La famille, entre «conjugalité» et «filiation»

Merci de me présenter comme père de deux enfants, mais je suis marié aussi. C'est justement cela le problème, c'est qu'on met la filiation, la paternité avant la conjugalité et le mariage. Pour moi ce qui est passionnant et problématique dans !a famille, c'est cet espèce de jeu de bascule entre conjugalité et filiation : on ne peut pas les identifier ni les séparer. Et longtemps, mon prédécesseur à la faculté de Paris, André Dumas (moi je suis arrivé en 1984) a mis en avant la conjugalité. Et ce qui comptait, c'était alors justement d'émanciper la conjugalité, de faire de la conjugalité comme le coeur du message protestant sur la famille.

Et puis, il y a sans doute eu des abus et maintenant, on dit que la filiation et la parentalité c'est important, et qu'il faut y revenir comme au pilier de la famille. Et peut-être maintenant sommes-nous en train d'abuser dans l'autre sens : la famille serait la parentalité, la paternité, la maternité, le lien de filiation et la conjugalité, de toute façon, ne serait qu'un moyen pour la filiation, une petite parenthèse qui ne marche pas très bien ; à la limite il y a des moments où je me dis que personne n'y croit.

Je parle de la conjugalité comme d'un consentement amoureux durable, fidèle, heureux, j'ai envie de dire qui passe aussi par des difficultés, par des tempêtes, par des histoires. C'est quelque chose à laquelle on ne croit plus, puisqu'on fait reposer tout le poids du désir de durabilité (dans ce monde où rien n'est durable, est si précaire, passe très vite) sur la filiation. Je pense qu'on manque le fait qu'il y a aussi une autre forme de durabilité qui est la durabilité conjugale, et que du coup on attend presque trop de la filiation. C'est mauvais pour la filiation, on ne peut pas tout attendre de la filiation, on ne peut pas tout attendre de nos enfants.

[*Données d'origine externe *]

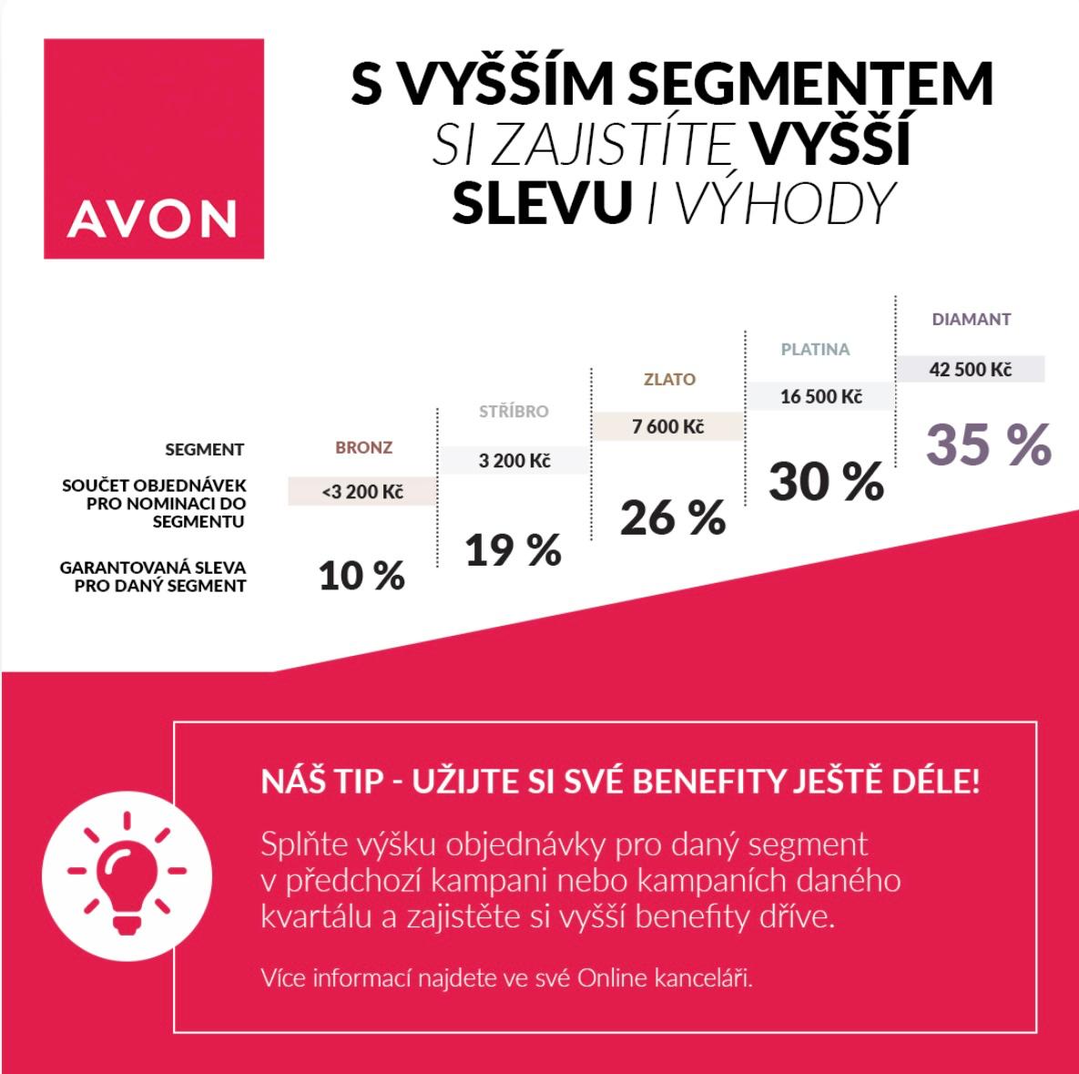 V Avon online kanceláři si můžete prohlédnout, v jakém segmentu jste a jaké máte výhody. Možná Vám do vyšší úrovně chybí jen kousek. Pokud byste chtěla vědět víc, klidně nám napište. Rádi Vám poradíme.

La famille comme lieu de «tragédies»

Je parlais tout à l'heure du problème de la famille : c'est vrai qu'il y a quelque chose de tragique dans la famille. Quand on prend les grandes tragédies grecques comme celle de Sophocle, c'est toujours des tragédies familiales, la famille c'est le lieu du tragique. J'ai entendu souvent dans des débats, comme sur le PACS, dire que de toute façon la famille traditionnelle pose beaucoup de problèmes, que ça ne marche pas. Mais bien sûr il y a des problèmes, des tragédies dans les familles ordinaires, mais justement, c'est ça, la famille. Elle est par essence tragique parce qu'elle doit mettre dans la même boîte, dans le même habitat, dans le même espace de relations, des relations de type complètement différent.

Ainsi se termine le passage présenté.